[Goal of the exercise] Below is a listing. Copy each line of it that holds the word "light".

[Task input]
= Beginning of Section =

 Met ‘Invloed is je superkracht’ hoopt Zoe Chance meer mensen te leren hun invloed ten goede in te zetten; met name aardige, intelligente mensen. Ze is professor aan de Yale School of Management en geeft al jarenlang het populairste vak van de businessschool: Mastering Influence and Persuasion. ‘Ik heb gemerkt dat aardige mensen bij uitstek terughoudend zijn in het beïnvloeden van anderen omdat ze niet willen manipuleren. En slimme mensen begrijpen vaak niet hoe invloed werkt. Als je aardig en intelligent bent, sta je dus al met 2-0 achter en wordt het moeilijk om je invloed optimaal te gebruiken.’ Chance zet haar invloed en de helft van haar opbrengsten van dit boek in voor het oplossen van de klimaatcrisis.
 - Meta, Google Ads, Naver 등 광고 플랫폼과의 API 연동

= End of Section =
= Beginning of Section =

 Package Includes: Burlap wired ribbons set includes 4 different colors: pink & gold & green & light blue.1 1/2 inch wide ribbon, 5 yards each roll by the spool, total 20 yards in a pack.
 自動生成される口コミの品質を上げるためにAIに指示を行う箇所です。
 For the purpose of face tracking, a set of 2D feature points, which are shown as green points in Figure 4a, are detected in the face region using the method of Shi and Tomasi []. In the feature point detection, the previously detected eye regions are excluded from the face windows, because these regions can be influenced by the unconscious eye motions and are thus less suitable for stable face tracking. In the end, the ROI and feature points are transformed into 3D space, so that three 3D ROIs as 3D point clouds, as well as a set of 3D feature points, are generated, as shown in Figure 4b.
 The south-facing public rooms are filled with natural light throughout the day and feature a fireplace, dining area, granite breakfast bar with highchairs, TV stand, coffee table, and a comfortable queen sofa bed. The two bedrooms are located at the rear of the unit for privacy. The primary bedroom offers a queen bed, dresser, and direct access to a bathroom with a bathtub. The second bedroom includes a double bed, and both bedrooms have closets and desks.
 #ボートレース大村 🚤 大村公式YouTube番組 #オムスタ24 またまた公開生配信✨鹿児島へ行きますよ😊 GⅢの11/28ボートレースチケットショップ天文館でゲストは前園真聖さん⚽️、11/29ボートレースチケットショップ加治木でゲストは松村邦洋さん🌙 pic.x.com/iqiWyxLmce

= End of Section =

[Exercise response]
 Package Includes: Burlap wired ribbons set includes 4 different colors: pink & gold & green & light blue.1 1/2 inch wide ribbon, 5 yards each roll by the spool, total 20 yards in a pack.
 The south-facing public rooms are filled with natural light throughout the day and feature a fireplace, dining area, granite breakfast bar with highchairs, TV stand, coffee table, and a comfortable queen sofa bed. The two bedrooms are located at the rear of the unit for privacy. The primary bedroom offers a queen bed, dresser, and direct access to a bathroom with a bathtub. The second bedroom includes a double bed, and both bedrooms have closets and desks.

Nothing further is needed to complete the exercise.